▶ WORK TASK
Reproduce exactly the lines from the start of the records through the line containing "会長/不動産コンサルタントの長嶋 修氏、株式会社すんで 代表取締役", both included. Leave the pictures out.

= Beginning of Section =

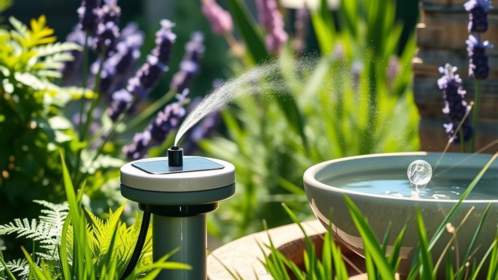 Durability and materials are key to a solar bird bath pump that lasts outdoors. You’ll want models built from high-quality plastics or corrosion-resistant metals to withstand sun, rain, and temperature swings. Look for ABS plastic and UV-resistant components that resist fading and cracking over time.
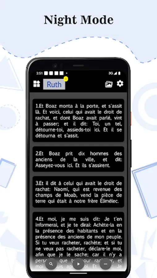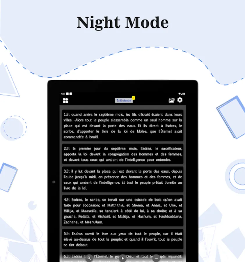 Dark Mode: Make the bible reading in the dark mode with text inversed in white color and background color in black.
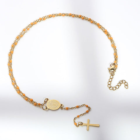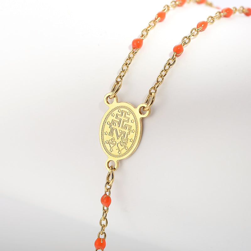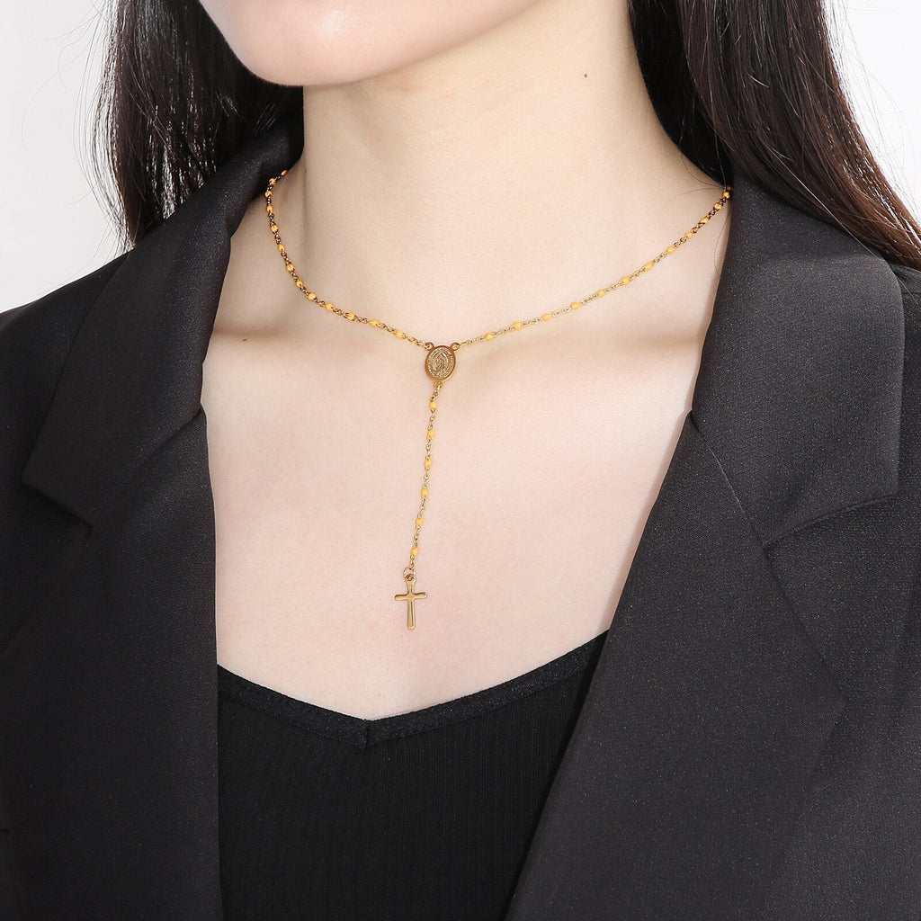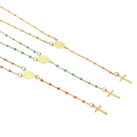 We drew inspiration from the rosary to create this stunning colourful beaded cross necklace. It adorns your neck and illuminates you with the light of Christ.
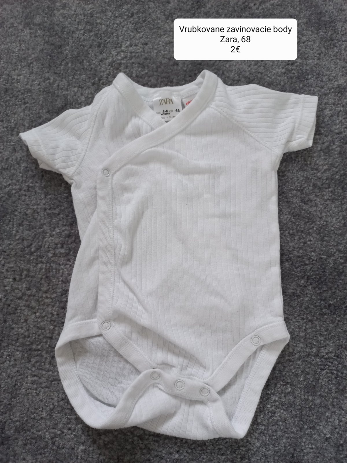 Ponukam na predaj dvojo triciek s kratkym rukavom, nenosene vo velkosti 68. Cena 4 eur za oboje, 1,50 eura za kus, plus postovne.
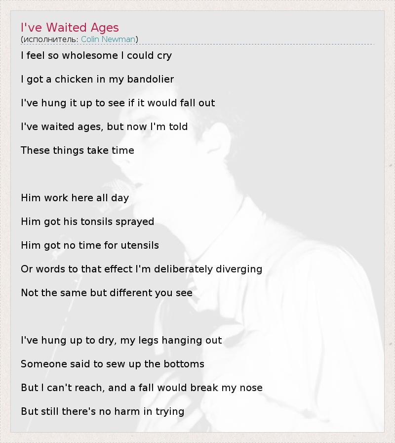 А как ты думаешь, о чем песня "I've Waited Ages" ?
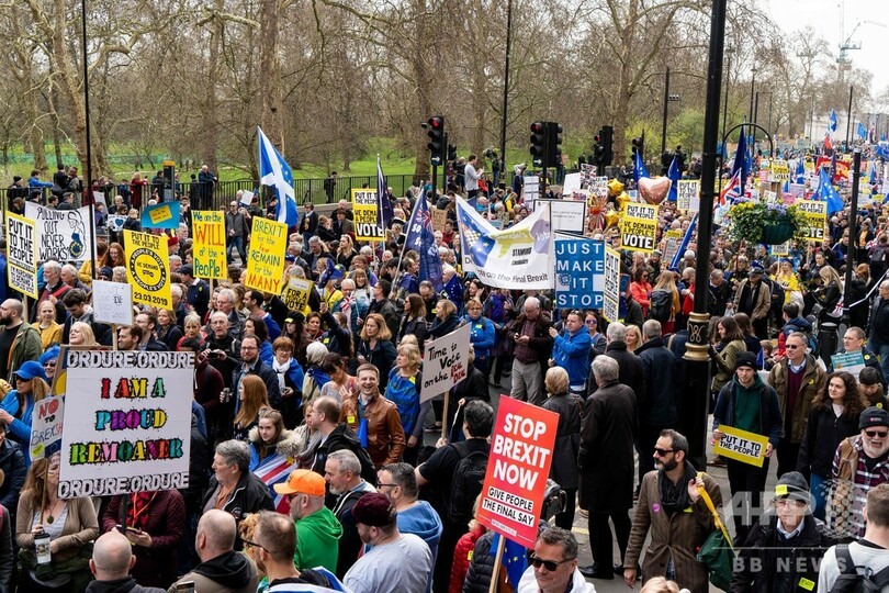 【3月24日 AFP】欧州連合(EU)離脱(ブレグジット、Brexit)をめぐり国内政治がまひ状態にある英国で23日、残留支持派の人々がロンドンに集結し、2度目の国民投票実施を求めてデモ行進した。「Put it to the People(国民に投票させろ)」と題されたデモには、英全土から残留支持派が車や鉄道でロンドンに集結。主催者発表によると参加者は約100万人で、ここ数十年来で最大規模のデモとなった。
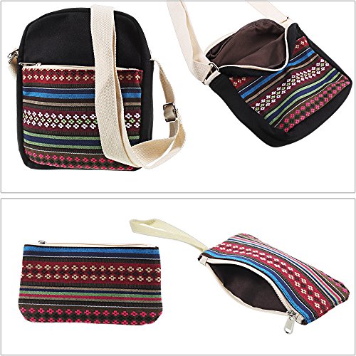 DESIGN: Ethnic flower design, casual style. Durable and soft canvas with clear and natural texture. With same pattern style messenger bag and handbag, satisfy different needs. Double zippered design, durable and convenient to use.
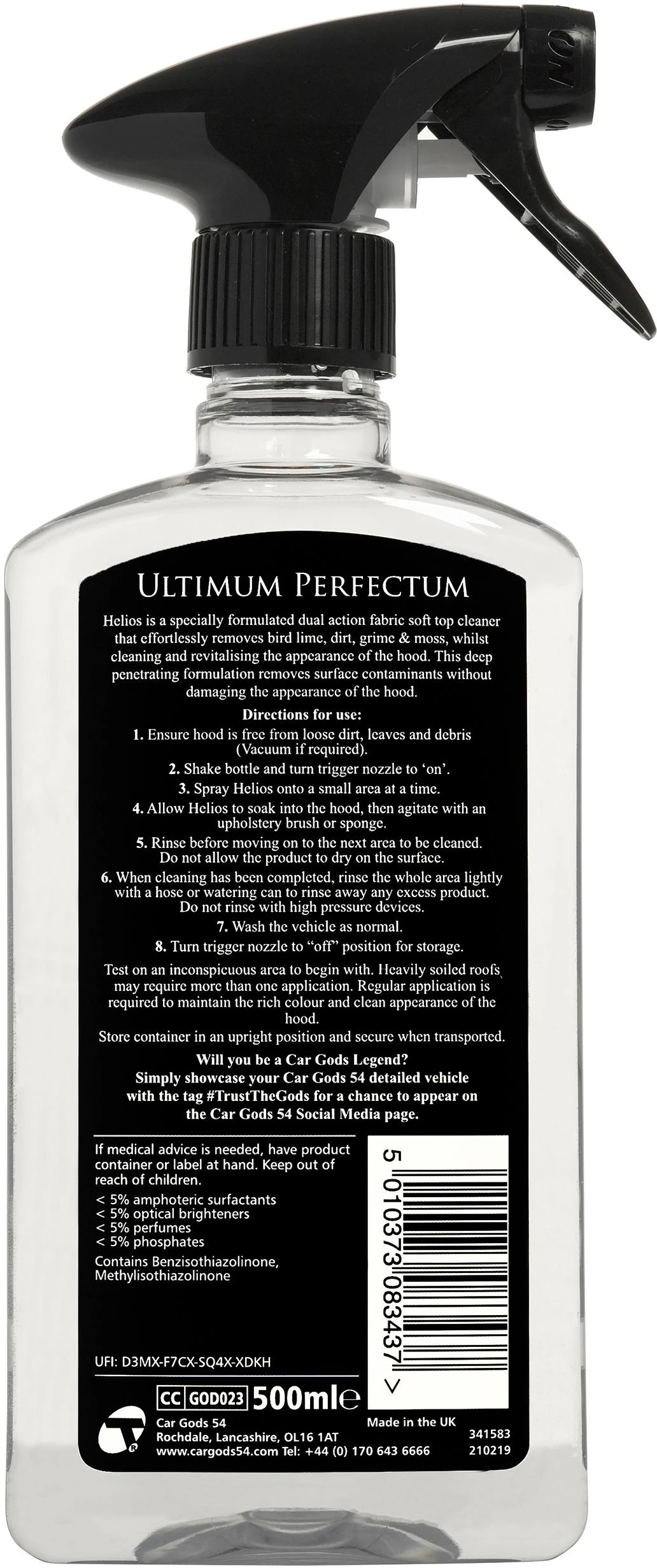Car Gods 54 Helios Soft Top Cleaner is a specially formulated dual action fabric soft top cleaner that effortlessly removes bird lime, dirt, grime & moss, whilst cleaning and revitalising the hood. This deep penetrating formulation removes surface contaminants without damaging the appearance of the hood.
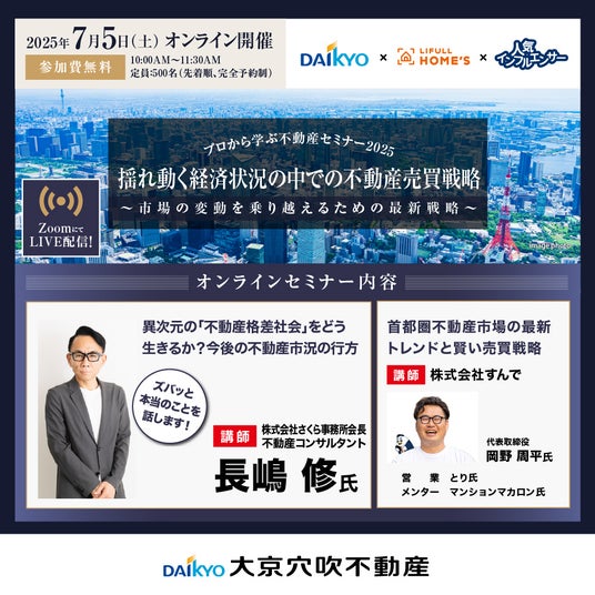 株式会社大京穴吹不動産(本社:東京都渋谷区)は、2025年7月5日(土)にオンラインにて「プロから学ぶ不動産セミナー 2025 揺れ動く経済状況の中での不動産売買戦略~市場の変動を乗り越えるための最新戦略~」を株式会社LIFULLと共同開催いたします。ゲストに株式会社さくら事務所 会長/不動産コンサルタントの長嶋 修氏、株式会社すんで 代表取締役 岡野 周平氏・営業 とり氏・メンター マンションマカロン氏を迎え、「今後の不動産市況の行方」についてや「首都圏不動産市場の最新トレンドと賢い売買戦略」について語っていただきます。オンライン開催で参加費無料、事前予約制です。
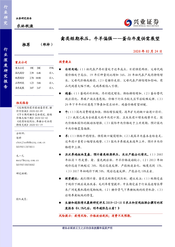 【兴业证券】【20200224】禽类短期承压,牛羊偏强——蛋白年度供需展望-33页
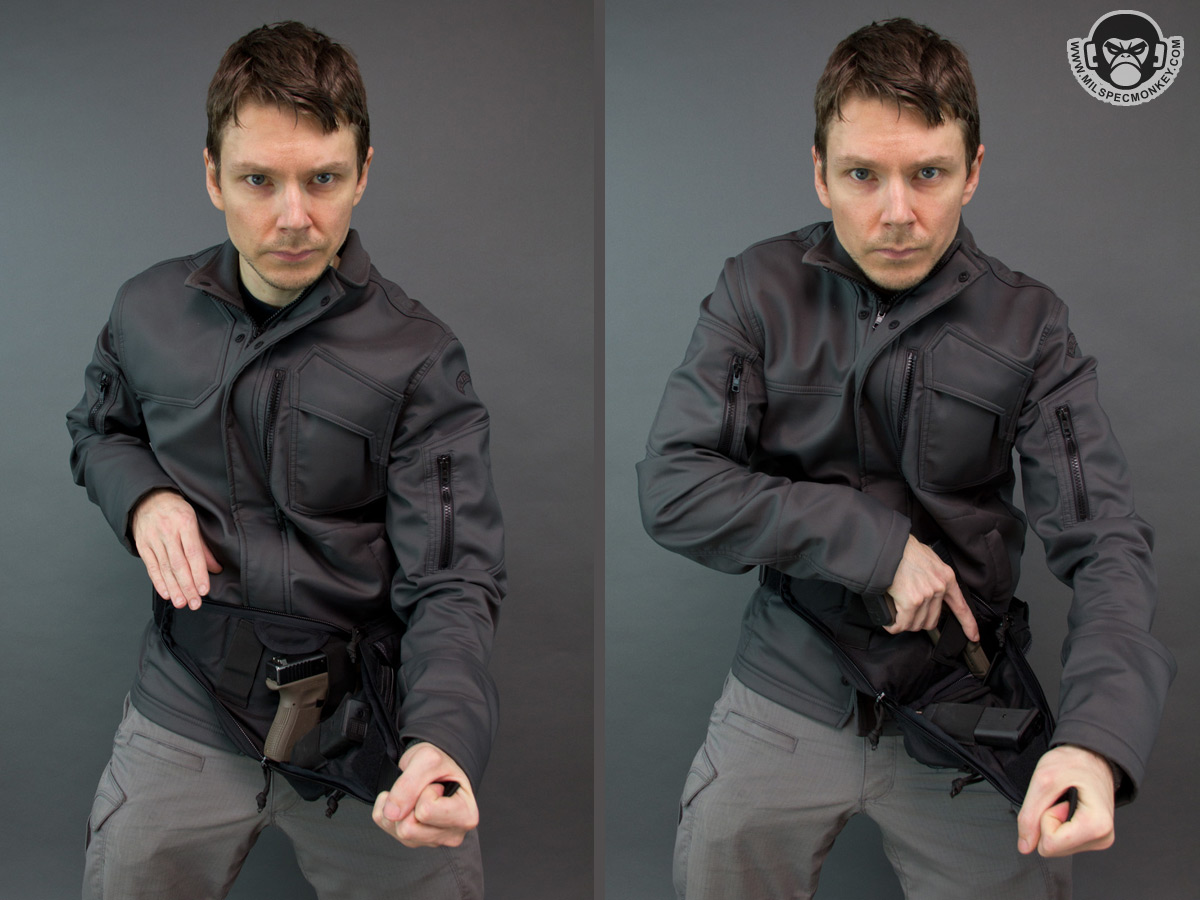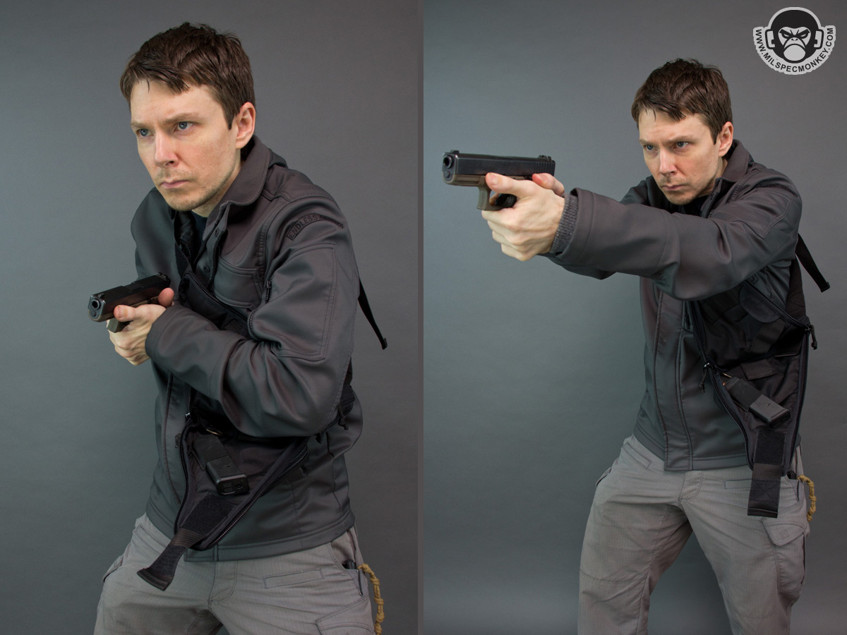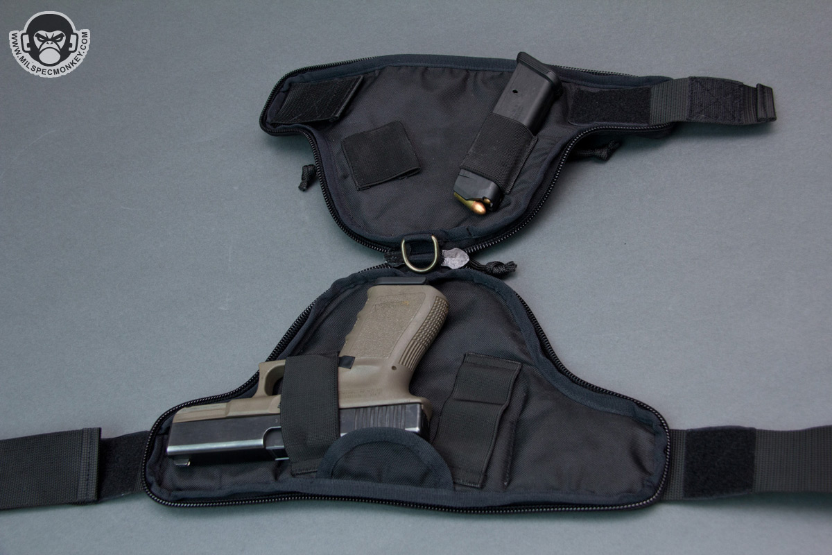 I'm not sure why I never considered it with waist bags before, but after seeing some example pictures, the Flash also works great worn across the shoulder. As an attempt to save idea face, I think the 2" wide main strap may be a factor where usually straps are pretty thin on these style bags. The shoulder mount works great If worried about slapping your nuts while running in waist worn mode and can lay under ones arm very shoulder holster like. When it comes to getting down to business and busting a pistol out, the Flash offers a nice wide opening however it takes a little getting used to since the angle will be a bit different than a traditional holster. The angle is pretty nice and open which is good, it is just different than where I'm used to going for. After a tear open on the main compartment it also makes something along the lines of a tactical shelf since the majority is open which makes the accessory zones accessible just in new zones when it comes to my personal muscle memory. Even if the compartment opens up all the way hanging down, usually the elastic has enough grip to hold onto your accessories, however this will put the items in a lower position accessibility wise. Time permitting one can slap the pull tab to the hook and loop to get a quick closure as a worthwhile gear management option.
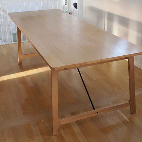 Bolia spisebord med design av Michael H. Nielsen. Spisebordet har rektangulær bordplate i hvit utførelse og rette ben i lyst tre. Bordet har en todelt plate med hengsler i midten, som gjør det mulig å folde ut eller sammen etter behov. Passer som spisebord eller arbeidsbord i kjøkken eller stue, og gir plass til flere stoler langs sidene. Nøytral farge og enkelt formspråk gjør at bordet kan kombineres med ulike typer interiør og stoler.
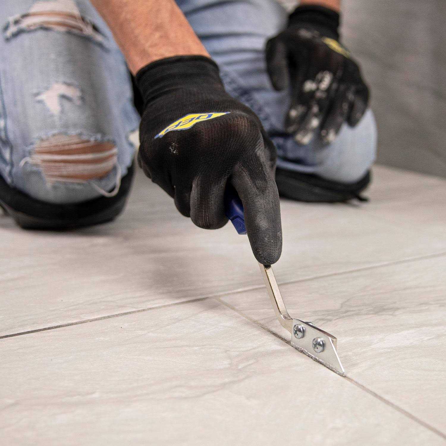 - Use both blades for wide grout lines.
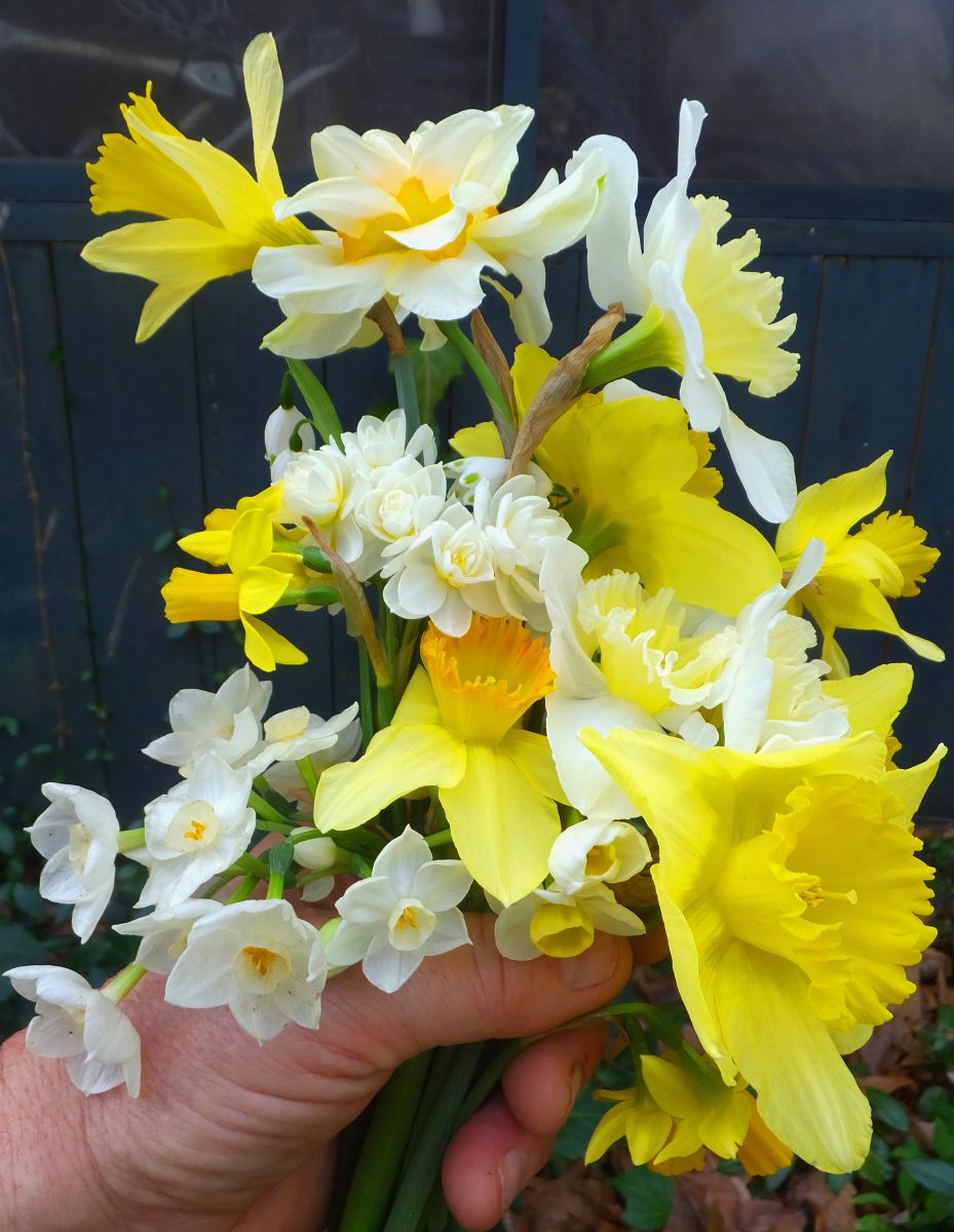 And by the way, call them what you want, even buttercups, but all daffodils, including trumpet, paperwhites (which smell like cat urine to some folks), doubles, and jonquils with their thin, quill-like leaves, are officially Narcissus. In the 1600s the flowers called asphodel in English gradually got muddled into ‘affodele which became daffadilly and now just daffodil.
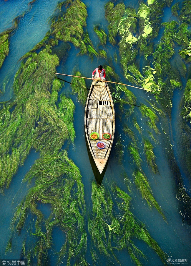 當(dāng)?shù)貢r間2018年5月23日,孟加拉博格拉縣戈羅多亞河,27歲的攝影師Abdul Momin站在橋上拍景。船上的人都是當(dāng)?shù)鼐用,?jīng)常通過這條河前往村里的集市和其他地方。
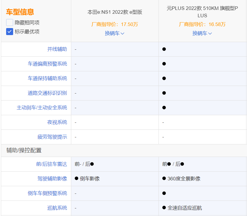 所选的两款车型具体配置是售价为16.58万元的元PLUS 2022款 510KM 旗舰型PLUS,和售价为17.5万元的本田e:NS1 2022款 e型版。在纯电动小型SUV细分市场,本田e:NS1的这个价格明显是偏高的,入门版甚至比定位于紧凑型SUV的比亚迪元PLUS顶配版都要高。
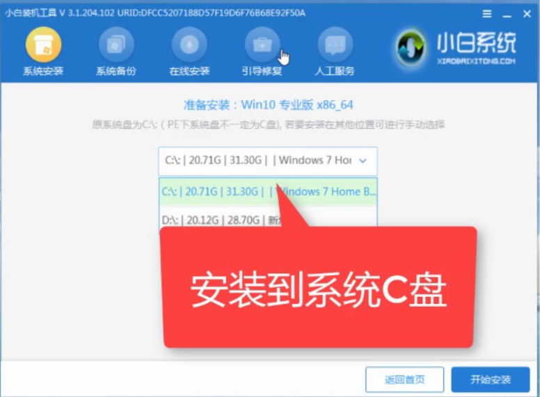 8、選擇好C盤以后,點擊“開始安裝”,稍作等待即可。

= End of Section =

▶ OUTPUT
 Durability and materials are key to a solar bird bath pump that lasts outdoors. You’ll want models built from high-quality plastics or corrosion-resistant metals to withstand sun, rain, and temperature swings. Look for ABS plastic and UV-resistant components that resist fading and cracking over time.
 Dark Mode: Make the bible reading in the dark mode with text inversed in white color and background color in black.
 We drew inspiration from the rosary to create this stunning colourful beaded cross necklace. It adorns your neck and illuminates you with the light of Christ.
 Ponukam na predaj dvojo triciek s kratkym rukavom, nenosene vo velkosti 68. Cena 4 eur za oboje, 1,50 eura za kus, plus postovne.
 А как ты думаешь, о чем песня "I've Waited Ages" ?
 【3月24日 AFP】欧州連合(EU)離脱(ブレグジット、Brexit)をめぐり国内政治がまひ状態にある英国で23日、残留支持派の人々がロンドンに集結し、2度目の国民投票実施を求めてデモ行進した。「Put it to the People(国民に投票させろ)」と題されたデモには、英全土から残留支持派が車や鉄道でロンドンに集結。主催者発表によると参加者は約100万人で、ここ数十年来で最大規模のデモとなった。
 DESIGN: Ethnic flower design, casual style. Durable and soft canvas with clear and natural texture. With same pattern style messenger bag and handbag, satisfy different needs. Double zippered design, durable and convenient to use.
Car Gods 54 Helios Soft Top Cleaner is a specially formulated dual action fabric soft top cleaner that effortlessly removes bird lime, dirt, grime & moss, whilst cleaning and revitalising the hood. This deep penetrating formulation removes surface contaminants without damaging the appearance of the hood.
 株式会社大京穴吹不動産(本社:東京都渋谷区)は、2025年7月5日(土)にオンラインにて「プロから学ぶ不動産セミナー 2025 揺れ動く経済状況の中での不動産売買戦略~市場の変動を乗り越えるための最新戦略~」を株式会社LIFULLと共同開催いたします。ゲストに株式会社さくら事務所 会長/不動産コンサルタントの長嶋 修氏、株式会社すんで 代表取締役 岡野 周平氏・営業 とり氏・メンター マンションマカロン氏を迎え、「今後の不動産市況の行方」についてや「首都圏不動産市場の最新トレンドと賢い売買戦略」について語っていただきます。オンライン開催で参加費無料、事前予約制です。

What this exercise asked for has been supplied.